Abu Dhabi, Kuwait, Arabia Saudí y sobe todo Dubai sonaban entre los compañeros como
destinos inigualables para sacudirse las telarañas del paro español y
reverdecer laureles bancarios: según se comentaba, con un poco de inglés y un
mucho de branding personal uno podía
aspirar allí a realizar proyectos de ensueño con tecnología punta, colaborar
con los mejores profesionales del mundo entero, participar de uno de los
procesos urbanizadores más ilusionantes y explosivos de las últimas décadas, y llenar
nuestras cuentas corrientes con retribuciones que fácilmente alcanzaban los
cinco dígitos. Y además, allí “te dejan
diseñar” (y no sólo redactar en Autocad como el típico cad-monkey
hispanistaní). Ante ofertas tan golosas la opción de quedarse aquí a sacudir
las manos en la plaza no parecía demasiado atractiva a poco ambicioso que fuese
uno, y en un determinado momento se trazó una línea divisoria tácita entre
aquellos capaces de tomar las riendas de su vida e ir allí donde el manantial
de dinero brota con más prestancia (los
que se fueron) y los panolis ombliguistas que esperan inútilmente a que
escampe la crisis mientras sus saldos bancarios se van tiñendo de rojo (los que nos quedamos). Por supuesto no
tiene sentido simplificar la infinita variedad de casuísticas que se dieron en
ese escenario, pero lo cierto es que la
cabra siempre tira al monte y el destino al que optaron nuestros emigrantes
(en neolengua, expats)
dice mucho de los intereses de cada uno: poco en común tiene el que se fue a
construir escuelas de madera en la selva amazónica, con el que diseña herrajes
de Pladur en Alemania, o quien
redacta planes generales en Shanghai.
Cada destino ofrece sus pros y sus contras, sus potencias y limitaciones
personales y sociales, a la par de diferentes formas de trabajar. Tampoco es lo
mismo currar de chico para todo en un
despacho que sólo diseña unifamiliares, que trabajar como Project Manager MBA en
una multinacional con proyectos de varios kilotones. Y en principio, irse a lo
grande y optar a las condiciones top exigía acercarse a los afluentes del
petróleo, esos reinos y emiratos donde señores con chilaba y babuchas no dudan
en gastar millonadas obscenas en los más delirantes caprichos inmobiliarios. Si
de lo que se trata es de enriquecerse, nada como seguir las enseñanzas de Ali
Baba y sus cuarenta ladrones, y poner una pica en Flandes en el gran agujero
negro del neoliberalismo panamericano que se levanta en torno al Tigris y el Eufrates.
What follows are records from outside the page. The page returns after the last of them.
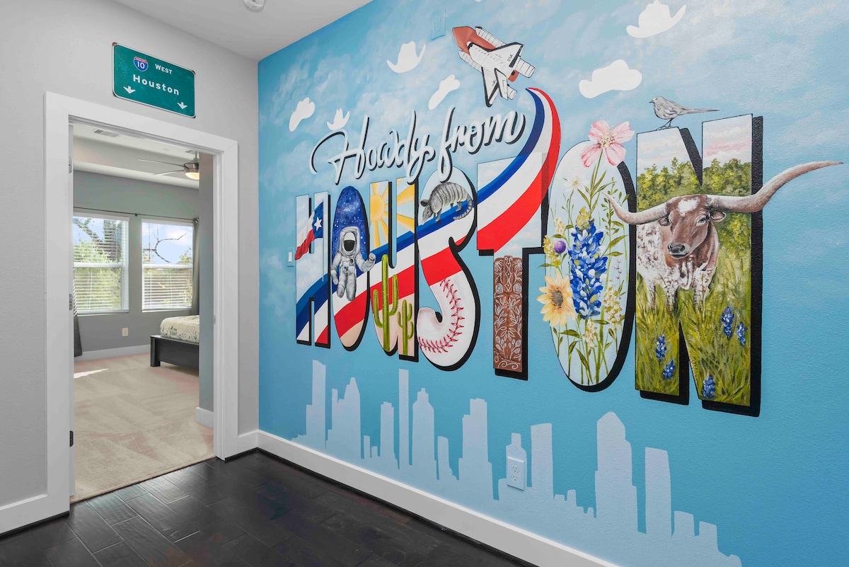 WIDE OPEN SPACE (3 STORY 2600SF) 24/7 Self check-in Amenities: 20ft floor to ceiling windows 120" projector Hi-speed wifi 2nd Story Balcony overlooking Downtown Big Chef's Kitchen Make a cocktail in the minibar and swing in an oil barrel while watching the sunset over downtown. Walk to Minute Maid, Toyota Center, PNC Stadium, Discovery Green, Hilton Americas & George R. Brown Convention Center in minutes! Enjoy attractions like 8th Wonder Brewery, Graffiti Park, Chapman & Kirby + many more!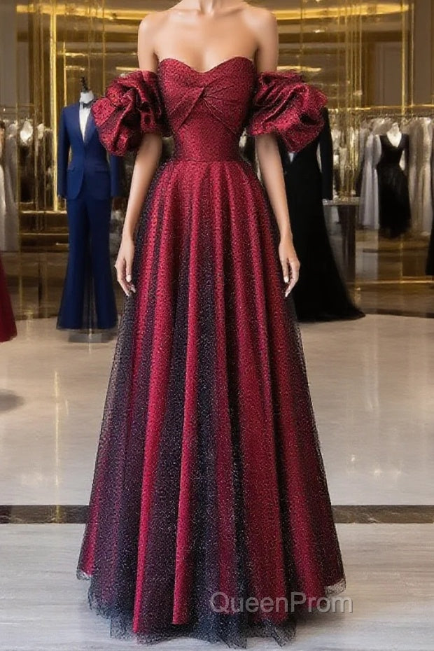 Off Shoulder Wine Red Sweetheart Tulle Evening Prom Dresses, A-line Wine Red Evening Dresses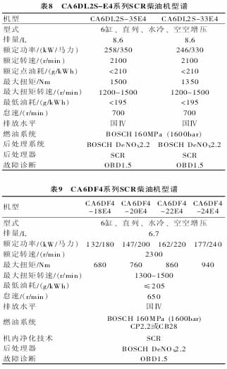CA6DF4柴油机作为6DF3柴油机的低成本升级产品, 主要用于9~11m客车和轻、 中重型载货汽车的动力配套需求。 只采用SCR技术路线, 其型谱见表9。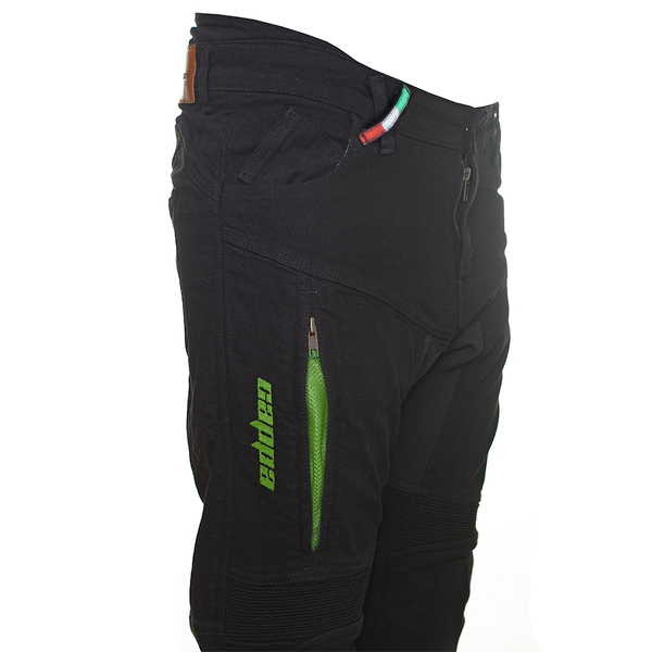 Il taglio e il design dei pantaloni sono adatti alla guida in moto. Il cavallo è traspirante ed elasticizzato per garantire il comfort quando si è seduti in sella. La vita alta è leggermente elasticizzata insieme alle ginocchia per una vestibilità ottimale. È possibile indossarli anche con il caldo estivo grazie ai pannelli di ventilazione sulle cosce.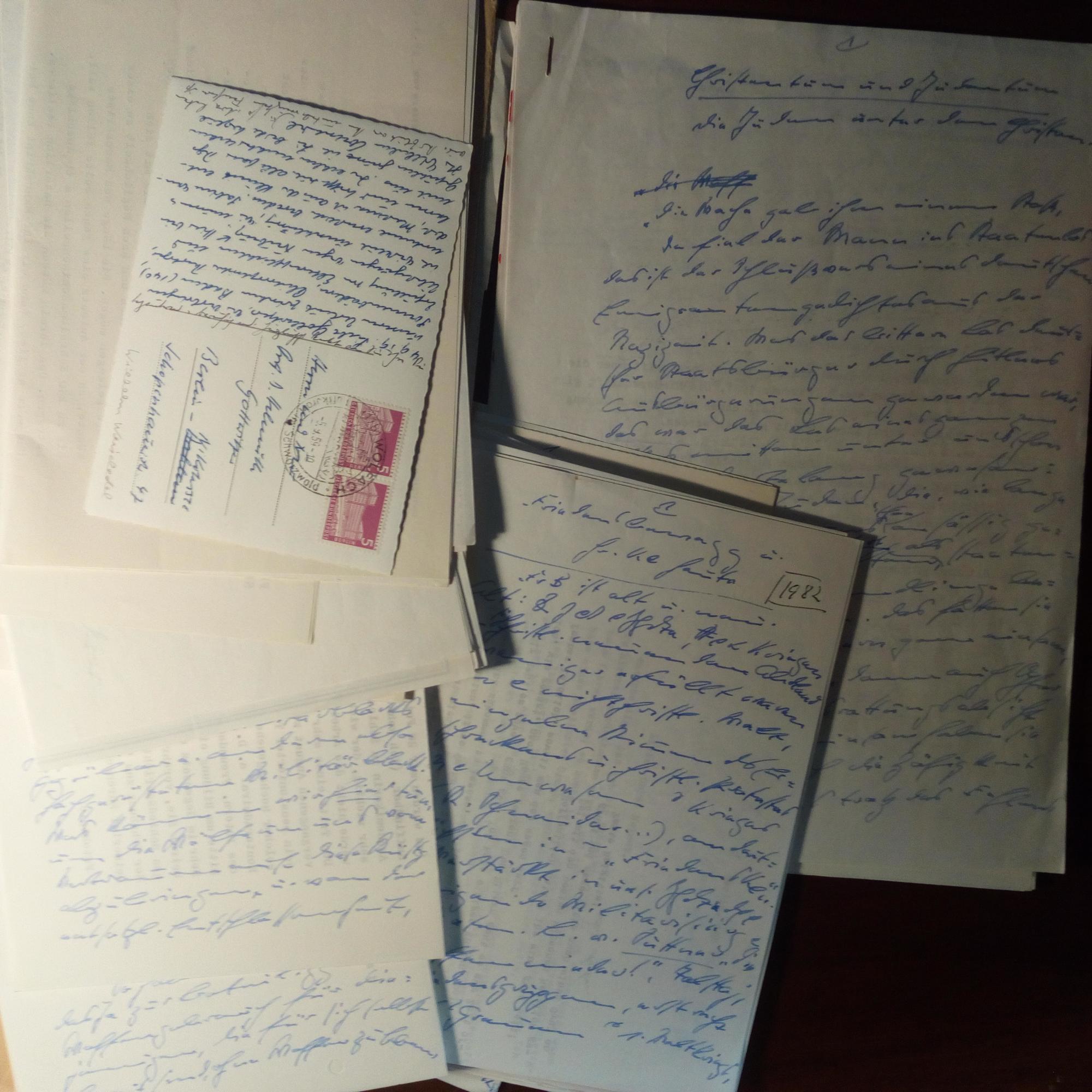 1908-93, evangel. Theologe7 e. Manuskripte: 1. "Gutachten Rudersdorf", Dissertations-Gutachten), 8 S. 8°. Mit e. Begleitbrief mit U., 3.2.1977. 2. "Ohne Waffen leben" (13 ½ S. 8°), Rede in der Martin-Luther-Kirche Berlin 28.10.1978. 3. Brief (5 ½ S. 8°, Okt. 1979, an den niedersächs. Min.präsident Ernst Albrecht (1930-2014, CDU) bezügl. dessen Entscheidung, vietnames. "Boat People" aufzunehmen. 4. "Thesen-Entwurf für Gustav-Heinemann-Initiative, Rastatt Mai 1980" (10 ½ S. 8°, geklammert, gel.). 5. "Christentum und Judentum. Beitrag zum Katalog der Ausstellung 'Juden in Preußen'. Berlin August 1981.", 8 S. 4°, dicht geschr. 6. "Die Friedensbewegung - Frucht der Bekennenden Kirche", Aufsatz für die Zeitschrift "Botschaft und Dienst" 1983, ohne U., 15 S. 8°. Mit Begleitbrief mit U. 7. "Absage an den Geist der Abschreckung" (12 S. und e. Titelblatt), mit Vermerk: "in Junge Kirche, 1984/11'", mit e. postal. Umschlag. Beiliegen: Karte mit e. Luther-Zitat und U., 29.11.1977, gedr. "Brief an Freunde" (1979) mit e. Zusatz und U. und SK mit U. Sowie 20 Briefe mit U. an ihn (versch. Anlässe, manche e.): G. Altner, H.-W. Bartsch, H. Bergmann, H. Bürkle, R. Italiaander, J. Moltmann, G. Picht, J. Taubes, H.W. Wolff, H. Zahrnt...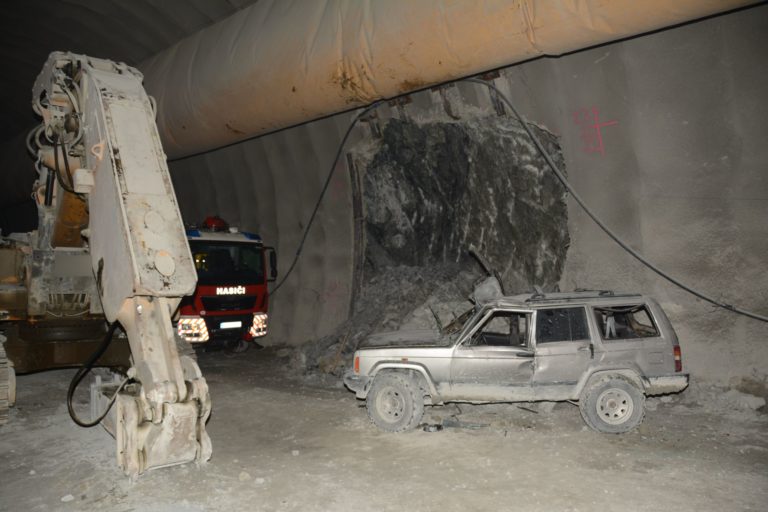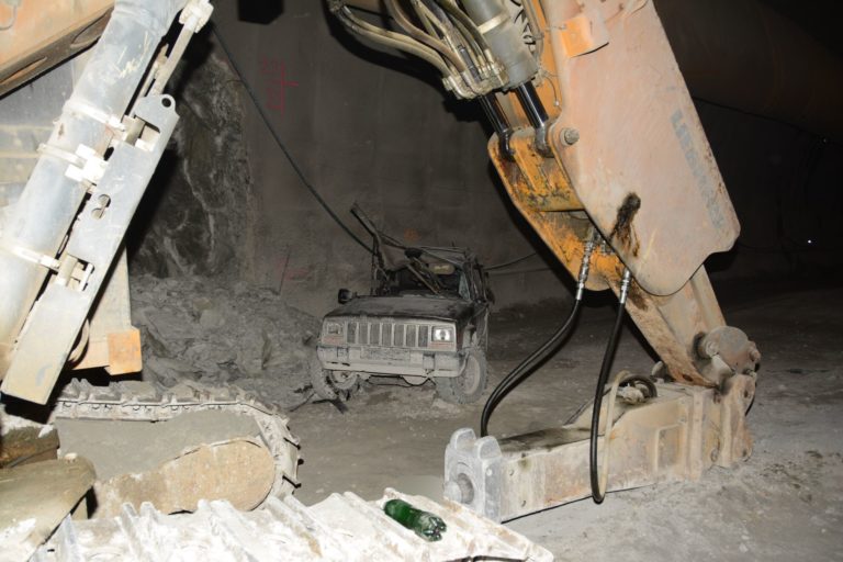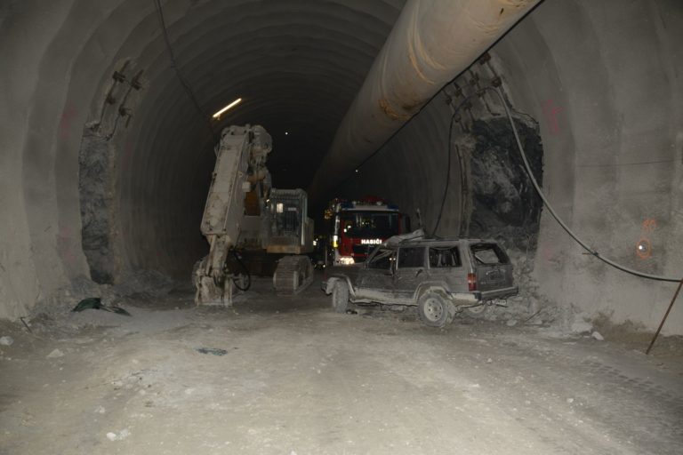 Miesto tragickej nehody v rozostavanom tuneli Višňové v okrese Žilina, ktorá si vyžiadala život mladej ženy. Polícia vyšetruje prípad ako usmrtenie. V pondelok podvečer 50-ročný muž pracovným strojom za zatiaľ nezistených okolností narazil do Jeepu Cherokee, v ktorom sedel 46-ročný vodič a 25-ročná žena. Mladá žena zomrela na mieste. Bratislava, 11. apríl 2017. Foto: SITA/KR PZ Žilina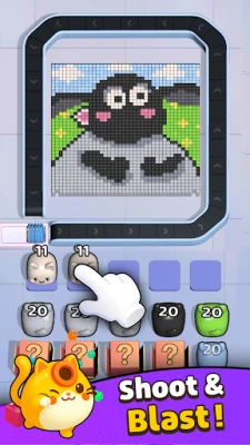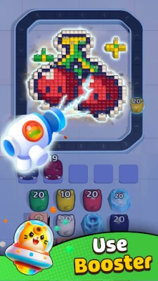 Your goal is to shoot and blast all the same colored pixel blocks from outside to inside. Successfully matching colors is key to winning each level, so keep your eyes peeled for the best opportunities to clear blocks efficiently.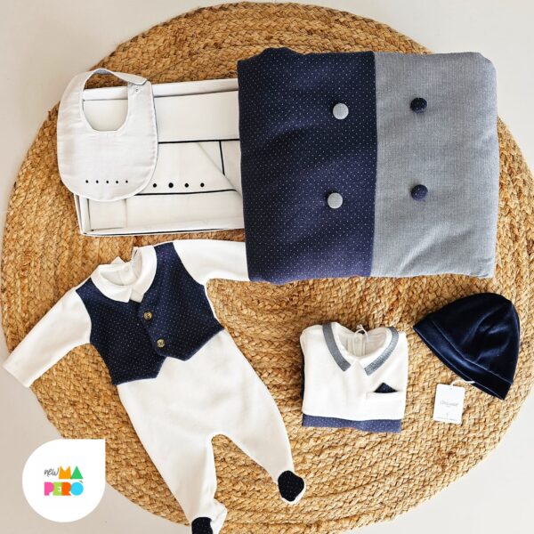 Dolcissimo corredino maschietto bianco, blu e grigio a pois in ciniglia.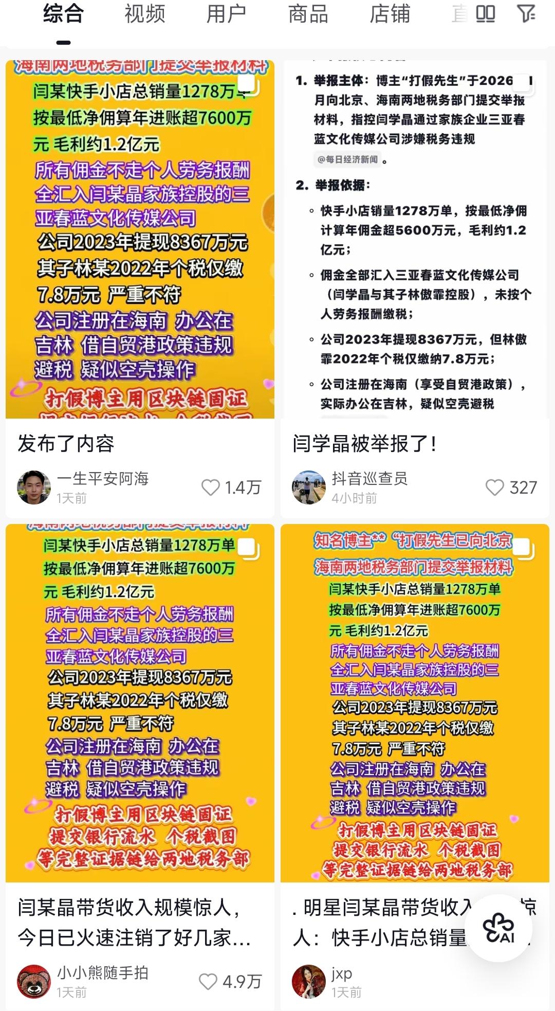 对此,有打假网友接连发布了多条视频,质疑闫学晶儿子税务问题,并且相关资料已经在网上固定,随时都可以交给有关部门审查。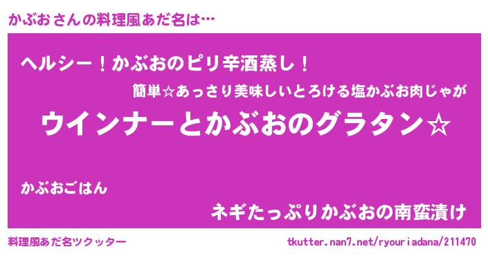 | ヘコむあだ名 | 『なまこ酢』『かぶもー』『かぶを』 |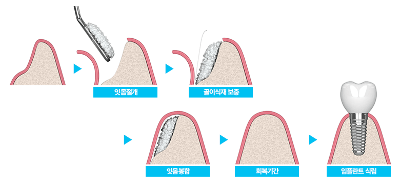 뼈 이식재를 보충하여 골 형성을 유도하고 임플란트가 안정적으로 식립될 수 있는 상태로 만들어 주는 시술입니다.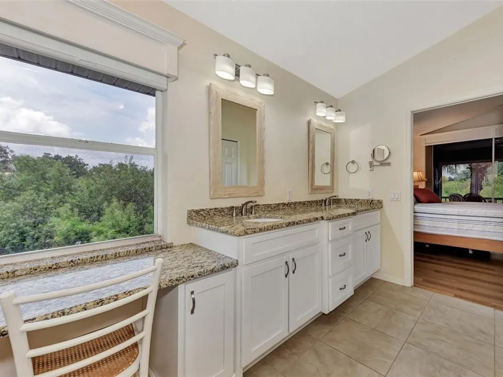 - Ceiling Fan(s), Living/Dining Room, Stone Counters, Thermostat, Vaulted Ceiling(s), Walk-In Closet(s), Window Treatments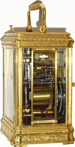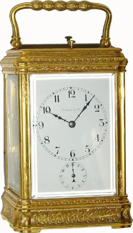C.1900, French, Ch. Hour for Tiffany and Co., brass cased carriage clock, grand sonnerie with alarm, and in an engraved and gilded gorge case of the highest quality.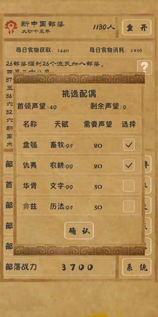 2、老婆来了,这里已经有49声望,娶前面两个绰绰有余,于是有人问了,其实如果完成成就,初始加5首领声望的话,其实可以选后面的一个。这里笔者要特别提醒,必须选择前面两个,否则无法解锁畜牧业和农耕,部落直接gg。而文字和历法这两个,作者还没开发,相当于没有天赋。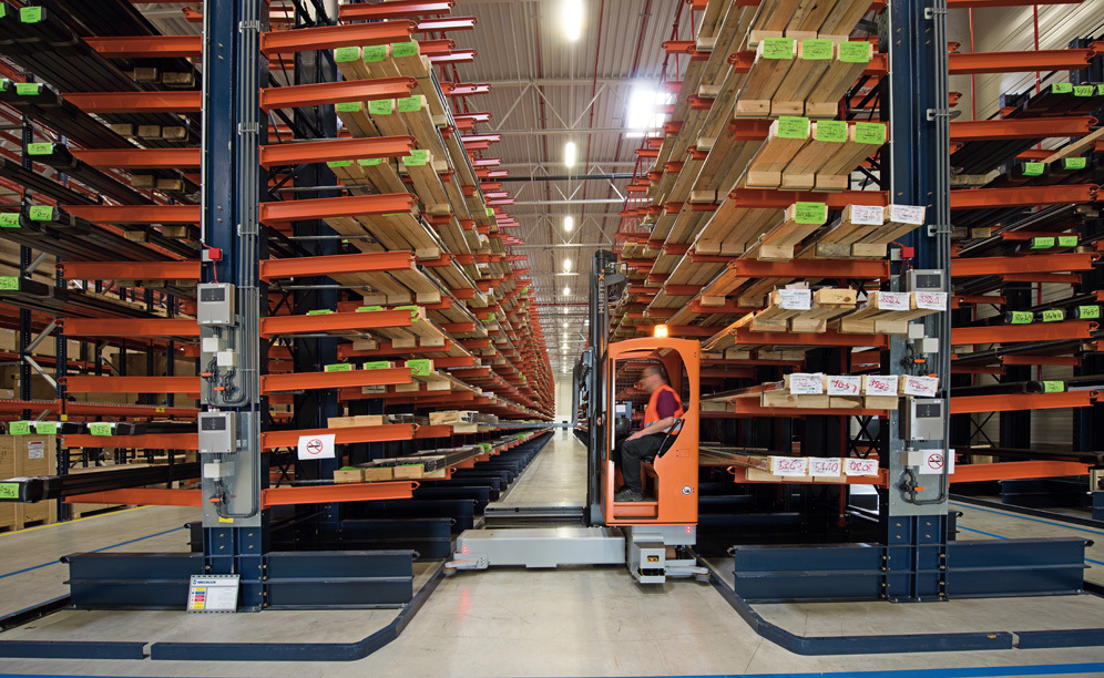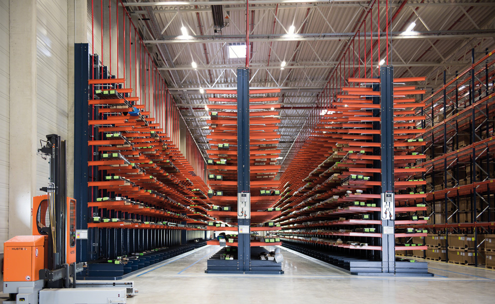 The two storage areas have very similar characteristics. Both are composed of conventional and cantilever racks for pallets, which classify goods based on their dimensions. In this way, the operations of the workers are made more flexible, using reach trucks and four-way side lifting forklifts.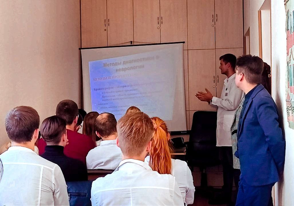 После рассмотрения организационных вопросов участникам заседания представлен доклад на тему: «Современные методы диагностики в неврологии. Особенности методов нейровизуализации», который подготовил ординатор 2-ого года Павел Сергеевич Исаенко. Следующее заседание кружка будет посвящено клинической анатомии в рамках неврологического осмотра.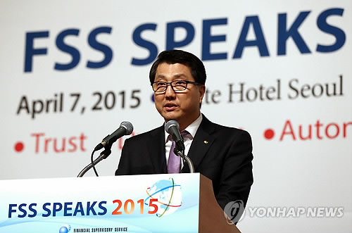 | △ 진웅섭 금감원장 "금융개혁은 외국계에도 성장 기회" (서울=연합뉴스) 이지은 기자 = 진웅섭 금융감독원장이 7일 오전 서울 중구 소공동 롯데호텔에서 열린 외국계 금융사 대상 업무설명회 'FSS SPEAKS 2015'에서 인사말을 하고 있다. |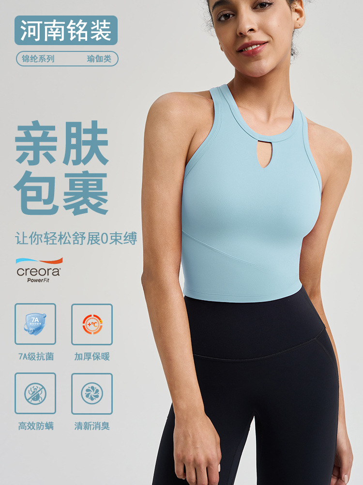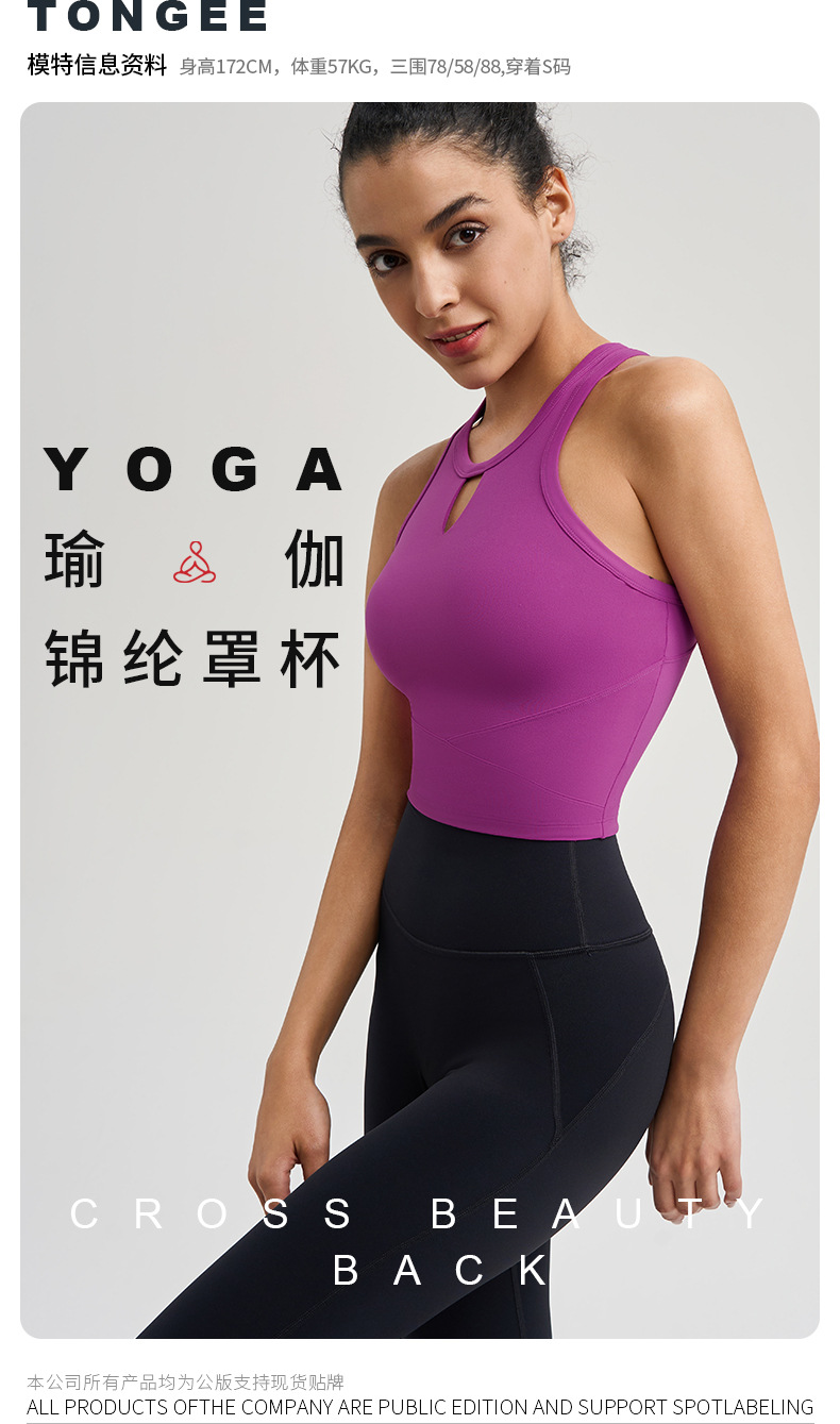 봄여름용 고정컵 워터브러쉬드 항균 스포츠 브라 아웃도어 필라테스 뷰티백 피트니스 요가탑 여성용

Dubai o Arabia Saudí ofrecen
muchas oportunidades, pero están penalizados por un grave problema: allí hay muchos moros. Demasiados. De
hecho, aquello es Morolandia, y a
ver quién es el representante de la “generación
más preparada de la historia” dispuesto a soportar las rarezas de una
civilización medieval, machista, clasista, donde la gente se tira eructos en la
sobremesa y regatean vendiendo alfombras, las mujeres son como monjas de
clausura e instruyen a los niños para ir al cole con mochilas-bomba. Mochilas
Nike, por supuesto. Nótese que hablo con sarcasmo.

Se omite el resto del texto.